═══ Source records

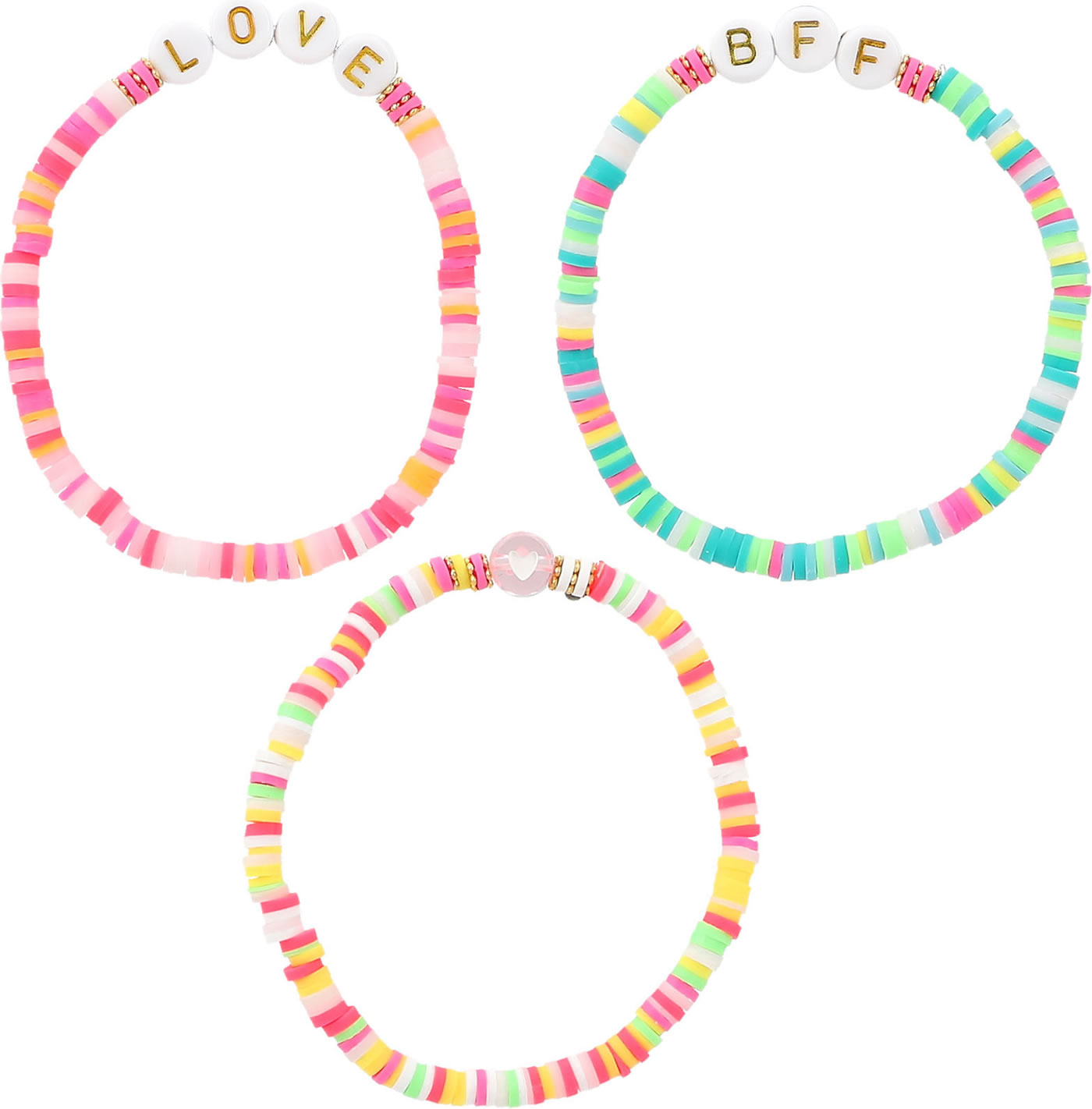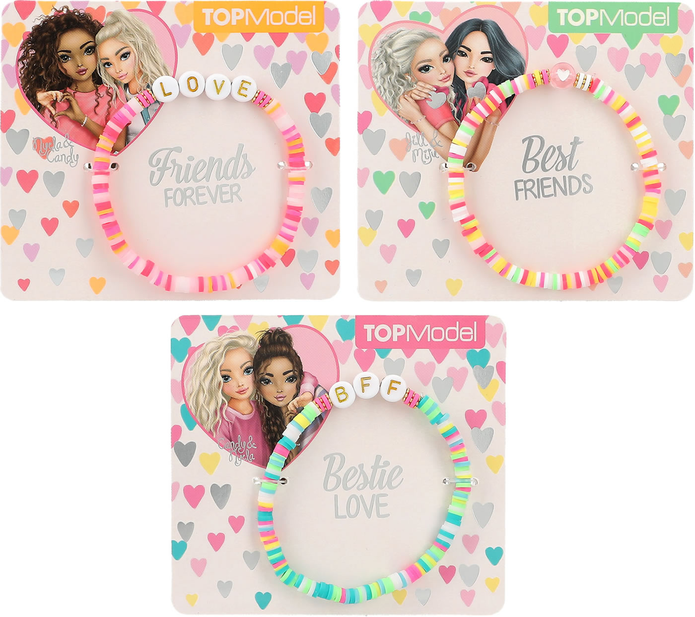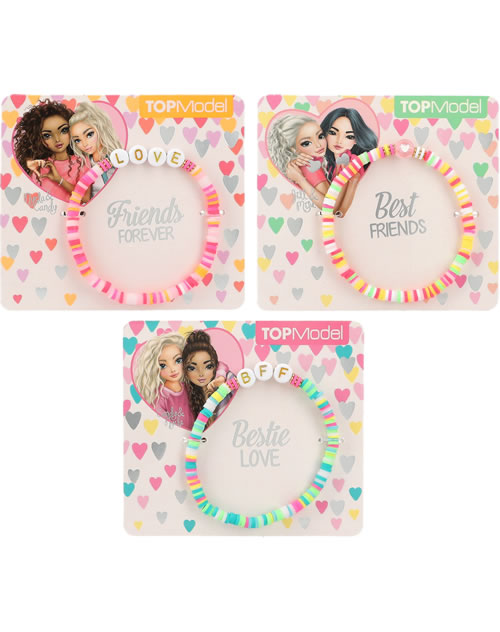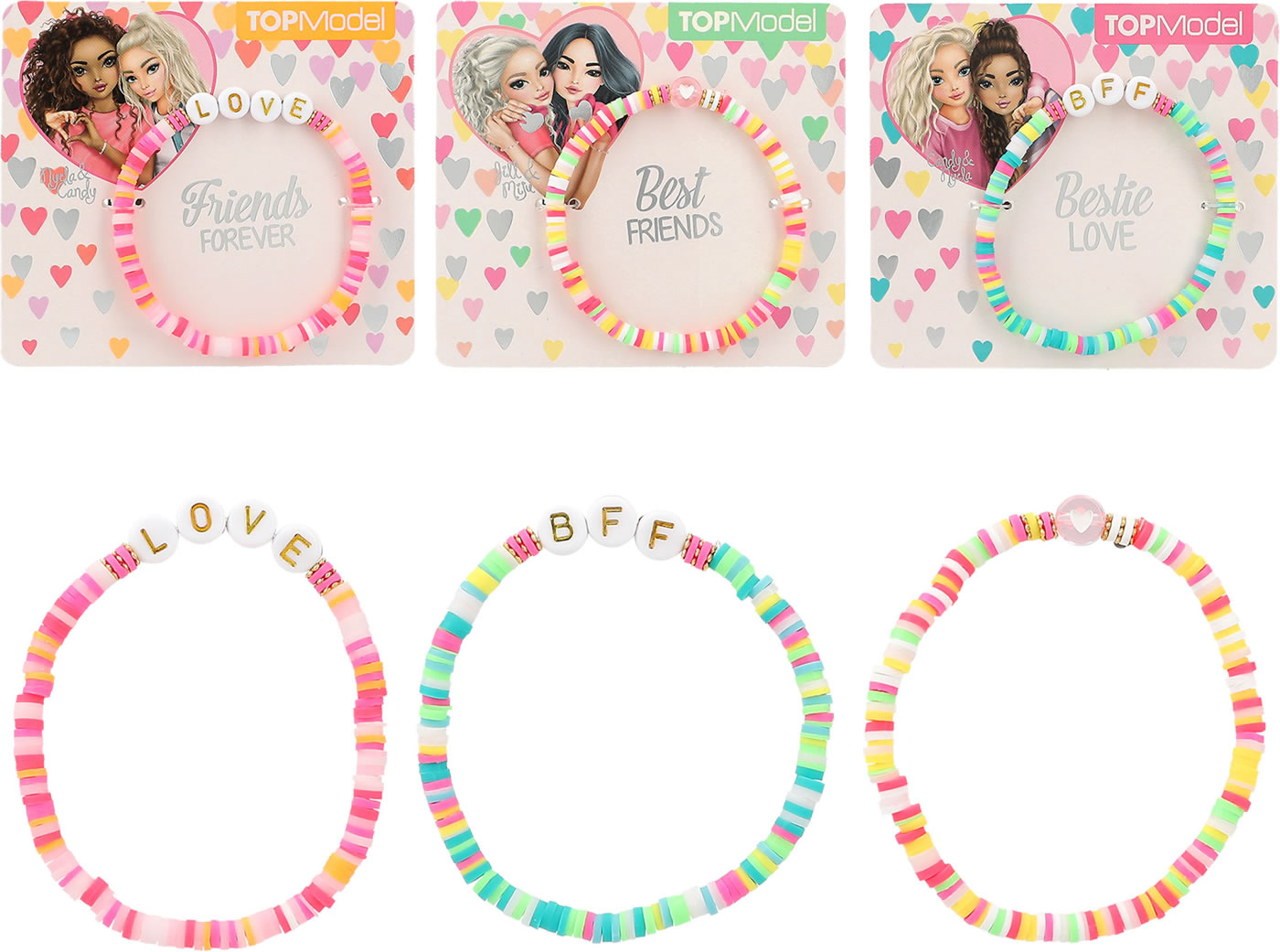 Knallig bunt und fröhlich: Die angesagten TOPModel-Perlenarmbänder haben in der Mitte ein cooles Statement aus Buchstabenperlen (LOVE, BFF) oder ein süßes Zeichen (Herz). Jedes Armband auf einer hübsch illustrierten Geschenkkarte
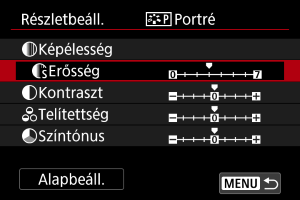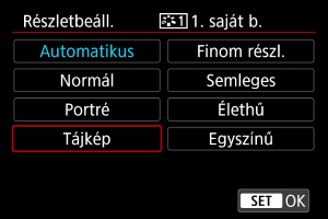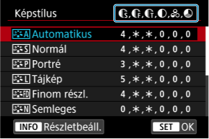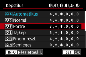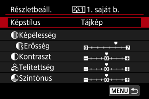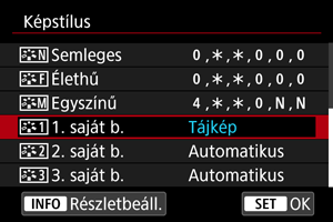 Kiválaszthat egy alap képstílust, például a(z) [Portré] vagy a(z) [Tájkép] stílust, igény szerint beállíthatja a paramétereit, és [1. saját b.] – [3. saját b.] néven tárolhatja ezeket. Ez akkor hasznos, ha eltérő beállításokkal rendelkező különböző képstílusokat szeretne létrehozni.
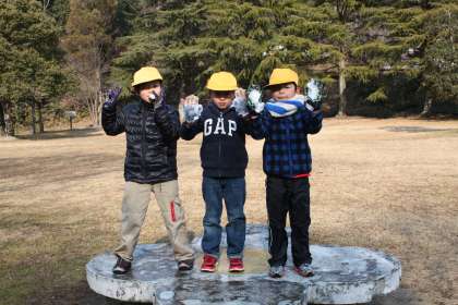 1年校外学習(1) 公開日 2012/01/27 更新日 2012/01/27 最近の行事から 今日は1年生が定光寺町方面へ校外学習に行きました。1年生が大好きな校区探検です。 まずは定光寺公園で雪あそび。そして大牧園地で水面の氷を割ったり、石を投げたりして遊びました。
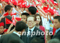 國家主席江澤民9日結束訪問香港,一百五十名學生在機場歡送。 中新社傳真 盧峰 攝
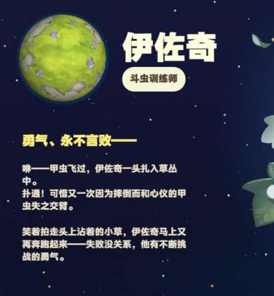 他的性格中也会藏着一些执着和勇气,独具标志性的行为,那就是一直追逐昆虫。每当甲虫飞过之后,它总是会直接扎进草丛中,不会有任何的犹豫。但却因为奔跑而摔倒,最终和喜欢的昆虫失之交臂。即便如此,也并没有沮丧,只是笑着将头上的小草拍掉,然后又立刻爬起来追逐,还会元气满满的说道,没关系,这次没抓到,下次就会有惊喜。这一种永不言败的精神,也会感染着每一个不一样的玩家。
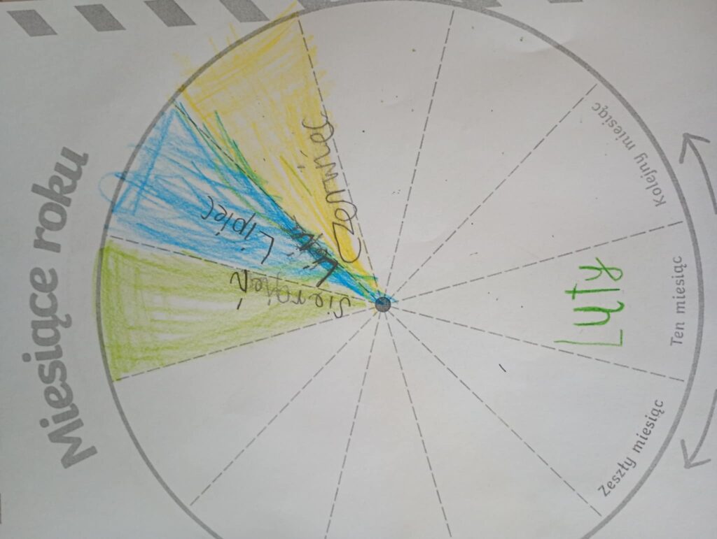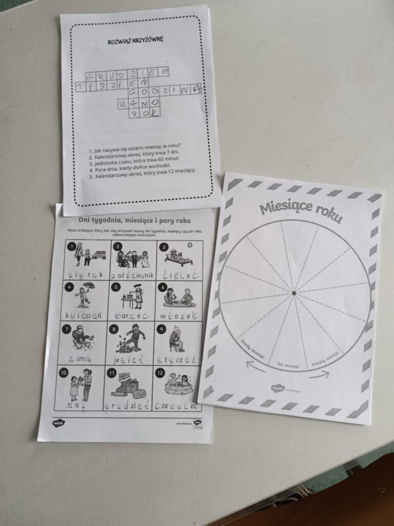 W dniu dzisiejszym starszaki realizowały projekt „Czas na zegar”. Tematem zajęć była budowa zegara. Poznaliśmy różne rodzaje zegarów jakie powstały na przestrzeni lat. Poznaliśmy budowę zegara. Nauczyliśmy się oraz poćwiczyliśmy odczytywanie godzin z zegara analogowego. Poznaliśmy jednostki miary czasu. Z rozsypanki dopasowaliśmy podpisy do poszczególnych zegarów oraz stworzyliśmy tarcze zegara. Obejrzeliśmy film edukacyjny który przybliżył nam upływ czasu oraz metody odczytywania czasu. Na koniec każdy stworzył własny zegar i zaznaczył podaną godzinę.
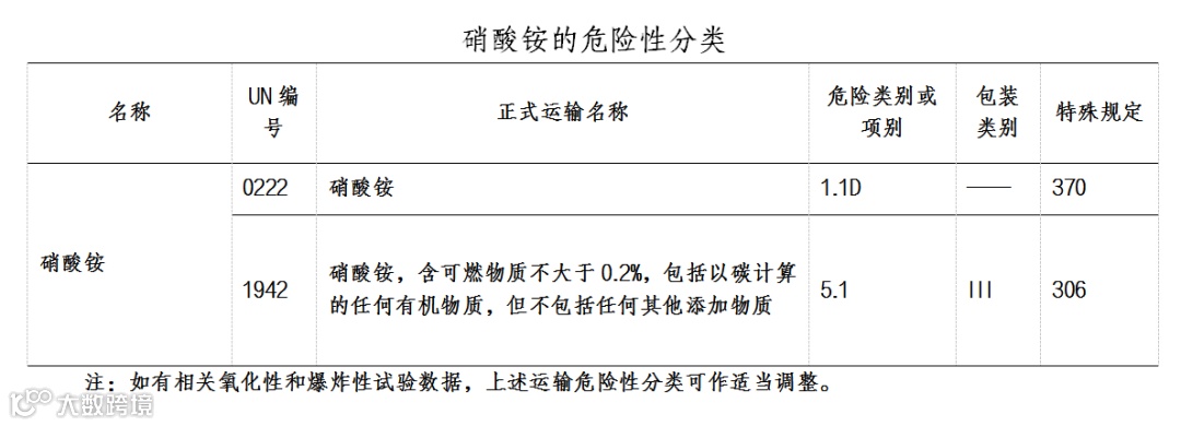 硝酸铵在TDG、IMDG Code、IATA-DGR、ADR以及JT/T 617.3等法规中均属于列明的危险货物。
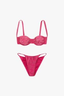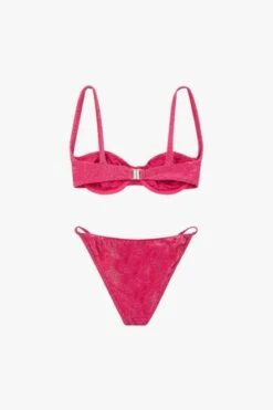 All you need for a day of lounging at the beach. The top is crafted in an under-wire cup and embellished diamante detailing with stretch lurex fabric. The matching bottom is a high hip fit that elongates the legs. This bikini is lined with recycled poly and is made and designed to wear in water. Also available in color Topaz.
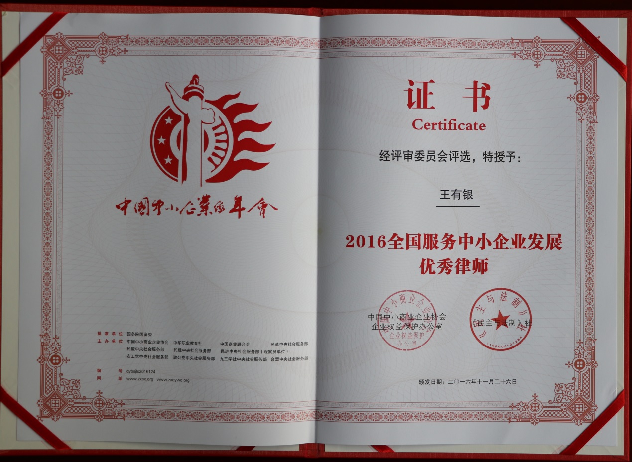 王有银律师荣获"2016全国服务中小企业发展优秀律师"荣誉称号

══════

Pictures should be omitted. Please return exactly the lines from the line that holds "1年校外学習(1) 公開日 2012/01/27" through the end of the records.

■ Expected answer ■
 1年校外学習(1) 公開日 2012/01/27 更新日 2012/01/27 最近の行事から 今日は1年生が定光寺町方面へ校外学習に行きました。1年生が大好きな校区探検です。 まずは定光寺公園で雪あそび。そして大牧園地で水面の氷を割ったり、石を投げたりして遊びました。
 國家主席江澤民9日結束訪問香港,一百五十名學生在機場歡送。 中新社傳真 盧峰 攝
 他的性格中也会藏着一些执着和勇气,独具标志性的行为,那就是一直追逐昆虫。每当甲虫飞过之后,它总是会直接扎进草丛中,不会有任何的犹豫。但却因为奔跑而摔倒,最终和喜欢的昆虫失之交臂。即便如此,也并没有沮丧,只是笑着将头上的小草拍掉,然后又立刻爬起来追逐,还会元气满满的说道,没关系,这次没抓到,下次就会有惊喜。这一种永不言败的精神,也会感染着每一个不一样的玩家。
 W dniu dzisiejszym starszaki realizowały projekt „Czas na zegar”. Tematem zajęć była budowa zegara. Poznaliśmy różne rodzaje zegarów jakie powstały na przestrzeni lat. Poznaliśmy budowę zegara. Nauczyliśmy się oraz poćwiczyliśmy odczytywanie godzin z zegara analogowego. Poznaliśmy jednostki miary czasu. Z rozsypanki dopasowaliśmy podpisy do poszczególnych zegarów oraz stworzyliśmy tarcze zegara. Obejrzeliśmy film edukacyjny który przybliżył nam upływ czasu oraz metody odczytywania czasu. Na koniec każdy stworzył własny zegar i zaznaczył podaną godzinę.
 硝酸铵在TDG、IMDG Code、IATA-DGR、ADR以及JT/T 617.3等法规中均属于列明的危险货物。
 All you need for a day of lounging at the beach. The top is crafted in an under-wire cup and embellished diamante detailing with stretch lurex fabric. The matching bottom is a high hip fit that elongates the legs. This bikini is lined with recycled poly and is made and designed to wear in water. Also available in color Topaz.
 王有银律师荣获"2016全国服务中小企业发展优秀律师"荣誉称号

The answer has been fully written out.